Standing in the kitchen, straining fat from a fresh, cooling batch
of turkey stock when I heard the squawk of the intercom. He let
her in by pressing his thumb on the button just below the intercom
buzzer.
I heard her reach (or climb, to describe it accurately) each step on
the inside front porch – the house creaking here and there, just a
little. She stopped – they kissed hello. I assume she flicked her hair
and shivered her shoulders slightly to tell how cold it is outside
without saying it out loud.
A pair of shoes (boots more likely by the sounds of them), one by
one, dropping to the carpeted floor (one heel like a mis-hit
xylophone hammer on the adjacent hardwood floor). Ting.
Toppling.
A wool coat being tossed onto a wooden chair. A silk scarf
dripping down a coat sleeve and balling into a loose cocoon
near its cuff. No one but you and I know this until she leaves.

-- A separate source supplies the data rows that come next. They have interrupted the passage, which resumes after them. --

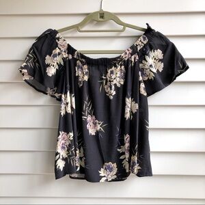 ASTR Off The Shoulder Cropped Floral Top in Black (almost looks navy blue) with multi color floral pattern. Floral-print crop top with off-the-shoulder neckline. Flutter sleeves with tie detail. Draped silhouette. Cropped hem. Pullover style. Viscose. Worn once and in excellent condition with no visible signs of wear. Approx. 14” long and 16” across from armpit to armpit.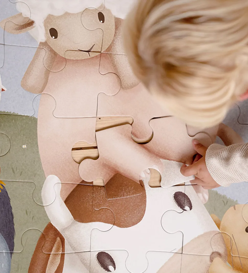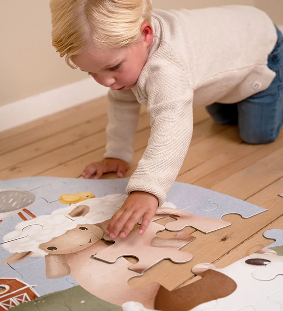 Little Dutch puslespillet er i en XL gulvpuslespilsudgave, som er sjovt for børn at kaste sig ud i. De rummer 42 store, kraftige brikker, der er i en god kvalitet.
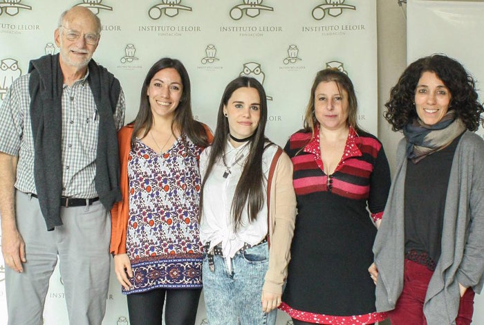 El premio Nobel de Fisiología o Medicina 2017, Dr. Michael Rosbash, con la Dra. Fernanda Ceriani y tres integrantes de su laboratorio, Lia Frenkel, Anastasia Herrero y Sofía Polcowñuk.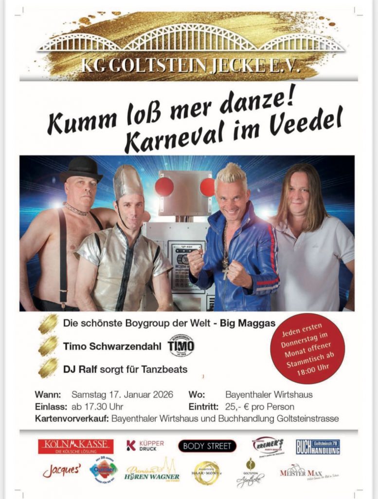 Bayenthaler Wirtshaus Goltsteinstraße 83, Köln, NRW, DeutschlandKarnevalsparty der KG Goltsteinjecke e.V. im Bayenthaler Wirtshaus. Liveauftritt der Big Maggas und Timo Schwarzendahl. Für Tanzbeats sorgt DJ Ralf KG Goltsteinjecke e.V.Dieser Eintrag wird Ihnen zur Verfügung gestellt vom Kölner BilderBogen - eines der beliebtesten Stadtmagazine in Köln. Ihr Termin fehlt? Einfach kostenlos einreichen: www.bilderbogen.de/eventeintrag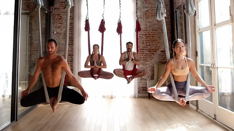 Aerial Yoga for hammock-supported stretches and inversions, Flying Bungee for high-energy low-impact cardio bounces, Pole Dance for strength-building spins, and Sound Bath Yoga for restorative mindfulness with vibrations.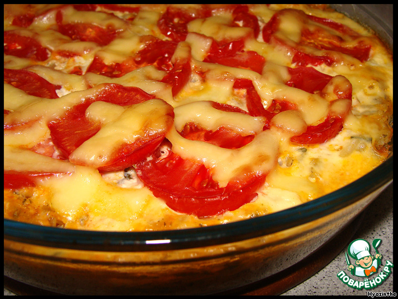 затем увеличиваем температуру до 225*С и запекаем еще 10 минут до подрумянивания верха (время и температура запекания индивидуальны, ориентируйтесь на свою духовку).

And even then it means nothing to her – other than a scarf on
the floor at the cuff of her coat sleeve.
Does it drop or does it fall? In either instance it layered onto
the back porch like a lost letter and accumulated into miniature
banks within which I nested the kettle of broth, coaxing the
remaining fat to congeal. I secretly look forward, in the early
morning, to removing the pot from the porch (when I hear her
nestle into the down-filled sofa and him into his high-back
chair) to see the ring – the negative – left from melting snow.
A crop circle. Fine art.
The CD changer shuffles (I can barely hear its drives click and
shift) as I slowly fill the sink with cutlery and plates. He has
selected in advance the music he wants her to hear as they
sip scotch and talk and eat expensive cheeses. I am doing
the dishes. I am not there. The water is boiling hot and soapy.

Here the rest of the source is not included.